Poile’s statement about Laviolette and associate coach Kevin McCarthy sounded more like a tribute than a farewell, praising the leadership and passion they showed in guiding the Predators to the 2017 Stanley Cup Final and two Central Division titles. But Poile said the team “needed a new voice” to recover from a weak first half and make the playoffs. “We’ve totally been unable to meet expectations,” he said at a news conference.
It’s difficult for any coach to be effective for long — Laviolette started with Nashville in 2014-15 — but the Predators’ woes extend beyond the coach’s voice. Their window to win the Cup might have closed after their 2017 loss to the Penguins, and they’ve been unusually shaky defensively this season.
“My message to the players was that I’m responsible for this, but you as players have to share in responsibility of what’s taking place,” Poile said.
Rinne does it all
Predators goaltender Pekka Rinne gave his team’s offense a surprise lift on Thursday when he scored an empty-net goal in their 5-2 victory over the Blackhawks.

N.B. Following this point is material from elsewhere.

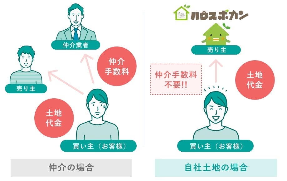 通常、不動産会社を通じて土地を購入する際には、土地費用の他に仲介会社に支払う仲介手数料が必要となります。「ハウスボカン」では自社で仕入れて販売を行っているため、自社売主の土地に関しては仲介手数料がかからず家づくりのコストを抑えることが可能です。

He was next to his net and behind the goal line when he launched a perfect shot down ice, becoming the 12th NHL goalie to be credited with a goal.
Of the 15 goals scored by that group, eight resulted from a shot into an empty net and seven from the goalie being the last player on his team to touch the puck before an opponent accidentally put it into his own net.
Few goalies handle the puck as well as they think they do, but Rinne’s shot was accurate. “It was pretty cool. I just threw my hands up in the air and tried to act as cool as I could,” he told NHL.com.
Corey Perry can be annoying to play against, but he’ll always be beloved in Anaheim for his time with the Ducks.
Who’s on the coaching hot seat?
Laviolette’s dismissal was the sixth in-season coaching change. That’s a lot, but there might be more in store.
Montreal’s Claude Julien appears most likely to be fired next, due to a winless streak that hit eight before the Canadiens faced Ottawa on Saturday. Last week, they lost to Detroit and blew a two-goal lead over Edmonton at home. Julien might escape only because so many forwards have been hurt that it’s impossible to blame him for all that has gone wrong.
Chicago’s Jeremy Colliton also has injuries as an excuse but he hasn’t done anything to make a mediocre team any better. He could be gone well before the Blackhawks finish their rebuild.
Mr. Game 7 returns
There are clutch scorers and then there’s former King and 2014 playoff MVP Justin Williams, who is 8-1 in Game 7 playoff contests with a record 15 points in those situations.
Williams felt burned out and stepped away from hockey after the Carolina Hurricanes lost to Boston in the Eastern Conference finals last spring, but he returned this week for a one-year deal worth $700,000 in salary and up to $1.3 million in bonuses based on individual and team performances.
Williams, 38, had been watching his old team and began to realize what he was missing. “Coming to games, it brings you back a little bit. You see the guys competing,” he said at a news conference. “It was just growing and growing and growing to the fact that a little while ago I was like, ‘You know what? I think I want to do this.’”
Williams, who has 312 goals and 786 points in 1,244 NHL games, practiced with the team on Thursday but probably won’t play for a little while. He’s a familiar commodity at a good price and an ideal boost for the intriguing Hurricanes, who held an East wild-card spot through Friday’s games.